My students go out at night, to observe the parking area of a store, mall, gas station or other location. They are to imagine themselves as purse-snatchers, robbers, or car-jackers. They watch people coming and going — and select victims for hypothetical attack. They are to consider potential return against potential risk, just as any actual criminal would. And, they are to keep notes on why they would select or avoid possible targets.

They always return with a laundry list of behavioral, as well as physical traits that would exclude someone as a potential target. The point of the experiment is to develop the awareness that they are also always broadcasting information that someone else may be evaluating…

Don’t Victim-IZE Targets of Bullying:

In the real world, target behavior is demonstrated to affect predator behavior. Pretending otherwise is not only false, it fails to help protect the would-be target. It also strips them of whatever power they may have to influence their own destiny.

This is what we communicate to someone by name-calling them “victim” — especially if we are in a position of trust. By name-calling them, we communicate our lack of confidence in them. We convey instead our belief in their incompetence and powerlessness. This denies them any empowered, self-determining response.

Consider the universal human need for social status. Name-calling someone as “victim” leaves but one strategy for improving social status above whipping boy: membership to a special class of victim or martyr.

We see this played-out in various ways, including the virtual celebrity status afforded victims of bullying — especially those who take their own lives. They receive all the attention, affection, praise and status they didn’t achieve in life. Compare, if you dare, the celebrity status of bullied-to-suicide victims with the (similar) media notoriety afforded school shooters.

Silver Lining Syndrome:

Making the most of what one has is a hallmark of creativity and intelligence. So, when adults, as well as one’s peers, seem to be identifying a child as “victim” — it is not unnatural or unusual — and shouldn’t be unexpected — for them to find an up-side to the role they’ve been force-cast into.

Even my cats are smart enough to act-out to get attention. And, you’ve likely seen a youngster accept the role of “shy child” to gain much more attention than they would otherwise receive. So, type-casting in such roles as “troublemaker”, “shy child” or “victim” can have a silver lining in the form of attention and special status. From this, a symbiosis between bully and target can arise. This is not a condemnation; it is an observation of magnificence in unconscious intelligence, adaptation, and creativity…

Life-Long Risk:

You probably know someone whose narrative of every restaurant adventure involves an insolent, abusive, or incompetent wait staff — or bad or cold food — or food poisoning. Everywhere they go, they meet the meanest or most insensitive people. Such a person just can’t have a good restaurant experience. Yet, they’re willing to go out — especially if the occasion is special and the group large…

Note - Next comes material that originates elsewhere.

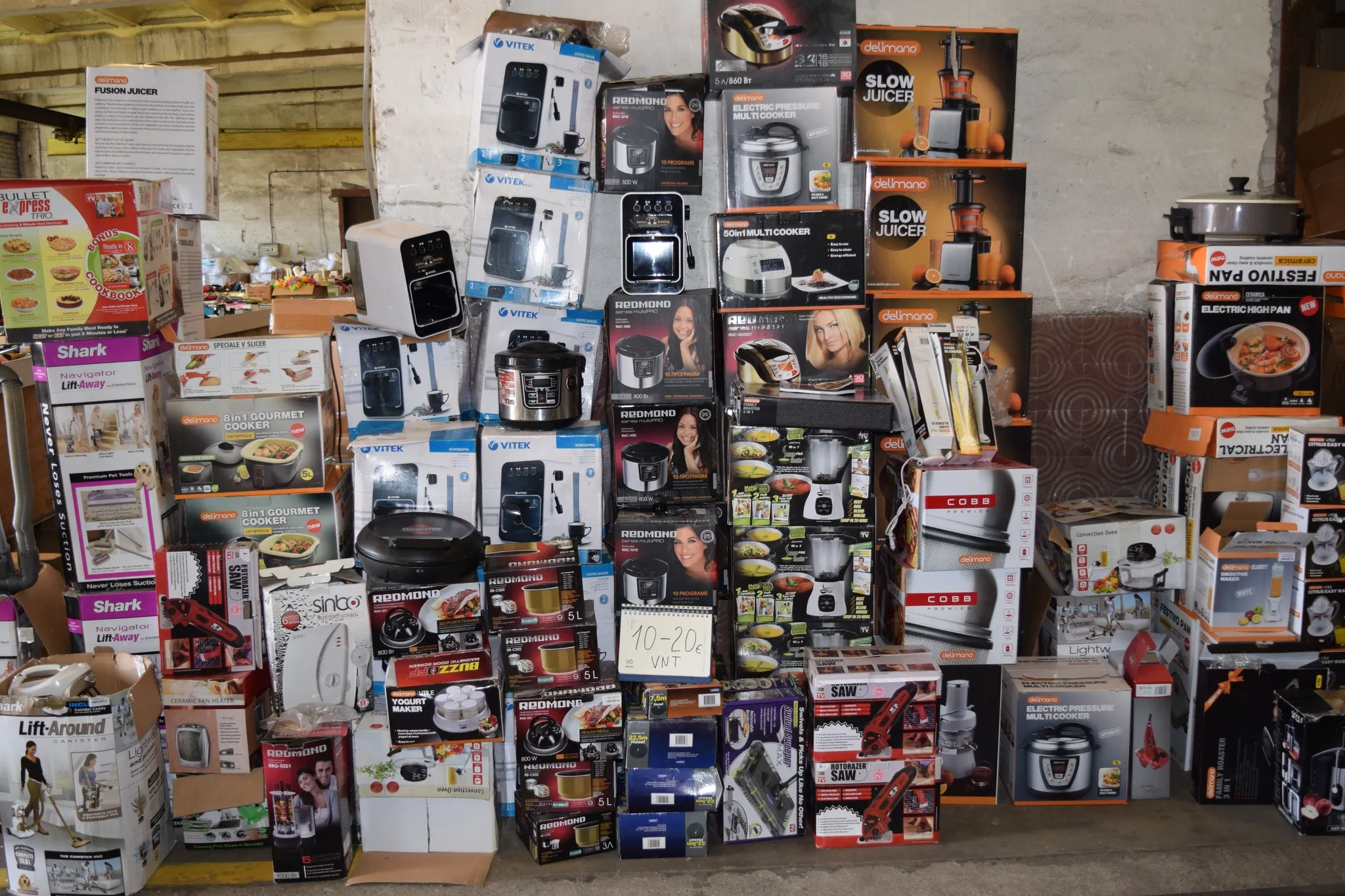 Įvairūs buitiniai prietaisai ir virtuvės technika sandėlyje
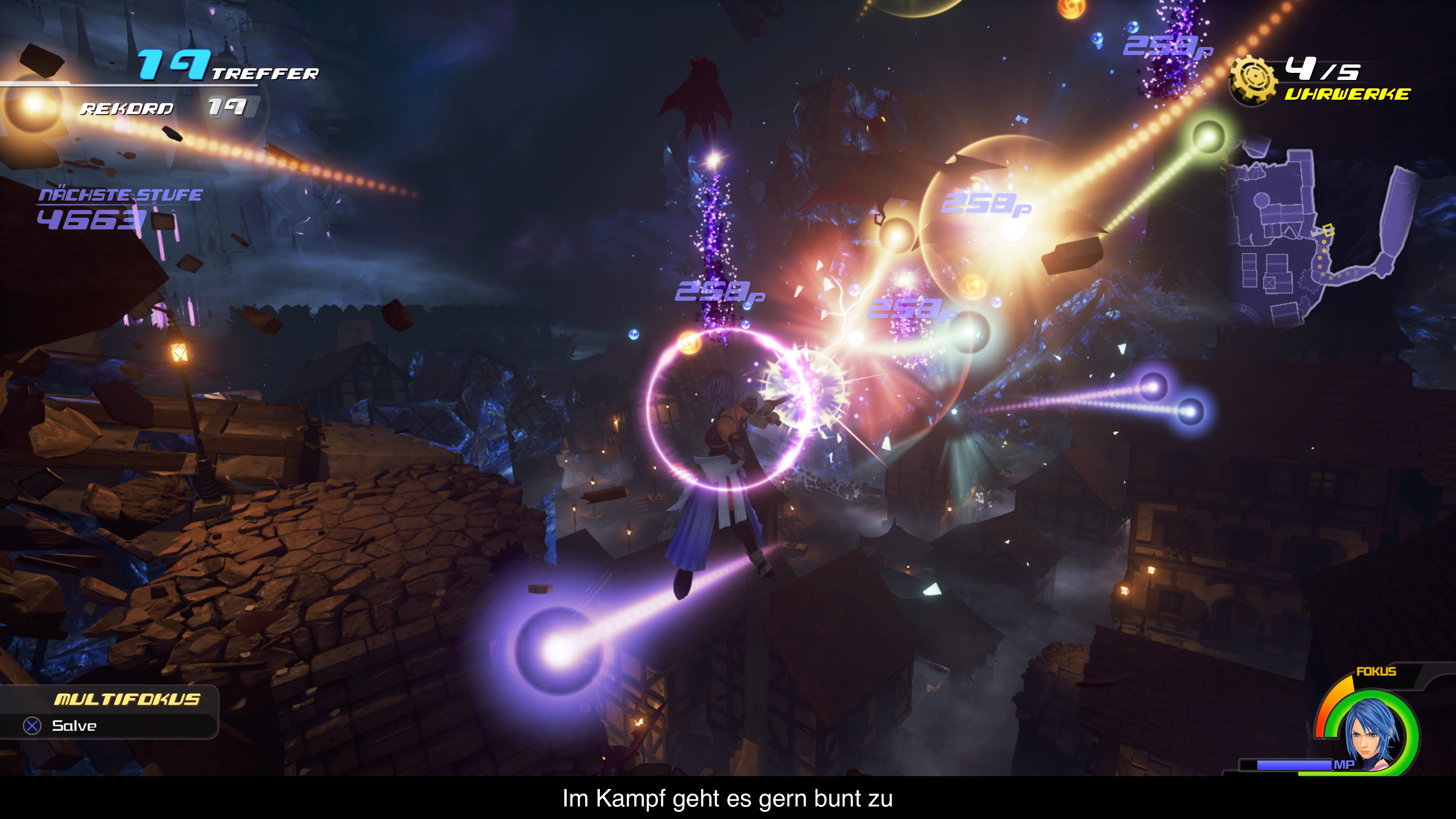Auch hier gibt es spielerisch wenig überraschendes. Jedoch stellt sich Kingdom Hearts 0.2 Birth by Sleep - A Fragmentary Passte deutlich linearer dar, als andere Spiele der Serie. Es gibt keine unterschiedlichen Welten oder überhaupt größere Interaktionen mit anderen Charakteren und so ist Aqua auf sich allein gestellt, um das Geheimnis der Schattenwelt zu lüften. Dazu beginnt man mit ihr bereits auf Level 50 und hat Zauber, wie Blitzga oder Vigra zur Verfügung, was die Sache etwas einfacher macht. Hier merkt man auch die Neuentwicklung, da sich das Spiel bzw. Gameplay deutlich flüssiger im Kampfablauf anfühlt, als z.B. noch bei Dream Drop Distance. Eine neue Fähigkeit ist der Fokus-Angriff, womit man mehrere Gegner anvisieren kann, um anschließend einen mächtigen Angriff gegen alle auszuführen. Zudem füllt sich beim Kämpfen eine Kombo-Leiste, die je nach Kontext dann eine Spezialfähigkeit freischaltet. So ändert sich dann euer Kampfstil etwas oder aber ihr könnt noch mächtigere Zauber ausführen. Zudem gibt es im Spiel Aufgaben, wie „Besiege 50 Herzlose“, die allesamt Kleidungsstücke für Aqua freischalten, womit ihr ihr Aussehen an eure Wünsche anpassen könnt.

Who do you know that fits this description?

I’m not a psychic; I just know the story line of the “professional victim”. Many such people have various disabilities — some of which become a literal vocation, despite the person being rather capable in a variety of ways. How did those people move from bright-eyed youngsters into the mid-life professional victims I meet in my clinical practice?

My surveys indicate that at some point, they accepted the name-calling and labeling — accepted that they were “victims” of some kind. It became their identity and their self-image. They made lemonade from those lemons, and that became the narrative of their life story from that point forward.

To me, the greatest cost of bullying is that the “bully”, or the “victim” — or both — wind up type-cast in these roles, living various versions of those things for most or all of their lives. I meet these people when they come to my clinic in their 40’s, 50’s and 60’s, stuck in the patterns of those labels — and suffering.